The so-called duals demo is one of the most closely watched recent developments in health policy. The duals market is huge, accounting for a big share of Medicare and Medicaid spending. Duals themselves are extremely vulnerable, accounting for the sickest and frailest population in Medicare.

The demo holds the allure of both improving care of the duals by better coordinating their complex treatment services and of lowering the costs of caring for them.

But controversy is growing over tactics under consideration by states for moving the duals into managed care. Under one such strategy, "passive enrollment," individuals are enrolled in a specific plan without their approval, but with the right to opt out if they decide they don't want to be in the plan. Another concern is about a lack of measurement tools to accurately assess the quality and cost of care in the demonstration program.
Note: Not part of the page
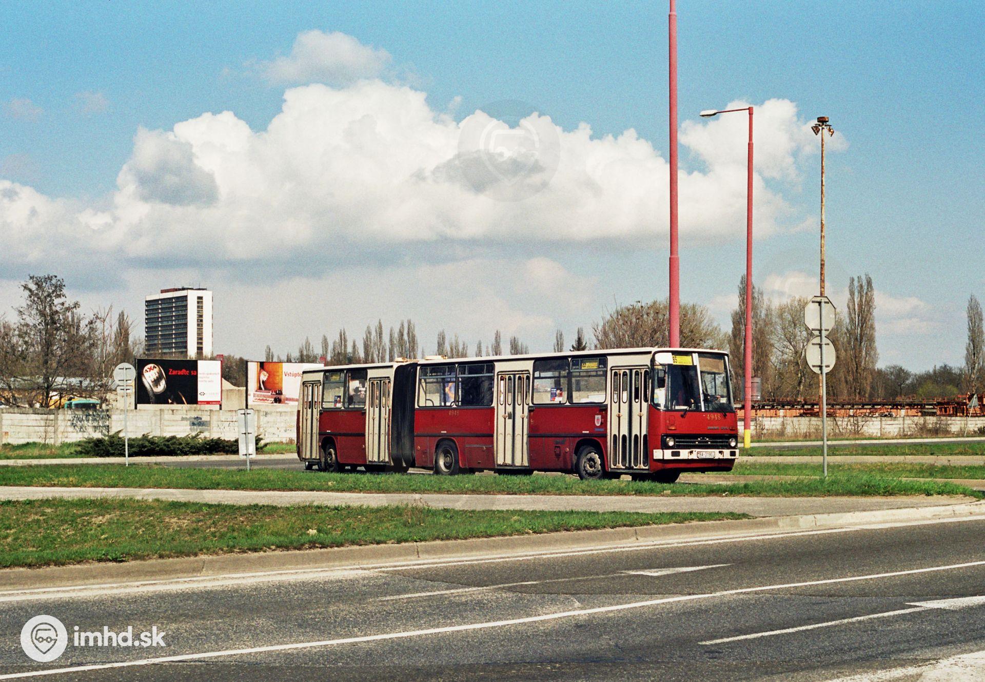 Ikarus 280 #4948 na výjazde z vozovne Petržalka na Einsteinovej ulici.

Hackbarth noted that state interest in the demonstration program has mushroomed to the point that more than three million of the 9.9 million duals could be enrolled in the demo. "That is not by our reckoning a demonstration project but a program change," he said.
Moving at a slower pace with a stronger measurement system than now exists would be better, he said. It would allow changes to be better understood before they are adopted widely, he suggested.

"We think real care needs to be taken before anyone is passively enrolled," Hackbarth added. The concern is that a dual moved into a new plan will lose access to doctors, drugs, and other treatments not included in the new plan.

Hackbarth said that if a state chooses the passive enrollment route it must take pains to clearly communicate not only to the dual but also to his or her doctor and family the switch to the new plan so care is not disrupted with potentially dangerous consequences. Hackbarth also suggested that for a period of time existing doctors may have to be included in the new plan's network in order to assure a safe transition.

Beneficiaries Need Choice

Republicans Diane Black of Tennessee and Vern Buchanan of Florida joined Herger in expressing concern about the pace of the demo and the need to preserve the rights of beneficiaries to choose their care.

Herger said better coordination of the care of the duals is clearly needed, "but I am concerned that the administration's unilateral actions to address this population's needs may undermine the protections guaranteed to all Medicare beneficiaries."

Democrats weren't anxious to criticize the administration but they too have concerns. The panel's top Democrat, Pete Stark of California, told Hackbarth in his opening statement that he looked forward to hearing his ideas for improving the demonstration. He also took a swipe at Republicans and how the duals would fare under their proposals for overhauling Medicare. "This is a large and vulnerable population that is associated with high program costs," Stark said. "I am extremely wary of the Republicans' solution to give them all a voucher."

State Medicaid directors have been enthusiastic about the demo as have many policy analysts anxious to test better coordinated care. But providers such as the Federation of American Hospitals have said the demo threatens the rights of duals to choose their providers.

MedPAC recommended the other potential change, the benefit redesign, in its June report to Congress. The added charge for Medigap plans would lead a number of people who now have the supplemental coverage to drop it, thus leaving them more exposed to the costs of care and more judicious about seeking treatment, the commission says. It says that Medigap encourages overuse of services. At the same time, beneficiaries would be protected financially in that out-of-pocket expenses would be capped.

But Stark expressed worry that Congress would choose to establish a charge for Medigap plans as a cost saving measure but not cap out of pocket expenses. Buchanan asked whether seniors would drop the coverage and skip needed care, as did Rep. Sam Johnson, a Republican from Texas. Johnson said he didn't like the idea of making Medigap coverage more costly.

But the MedPAC proposal would generate Medicare savings at a time when it needs to find ways to economize. And Hackbarth suggested that seniors would save money in the long run from the cap on out-of-pocket costs.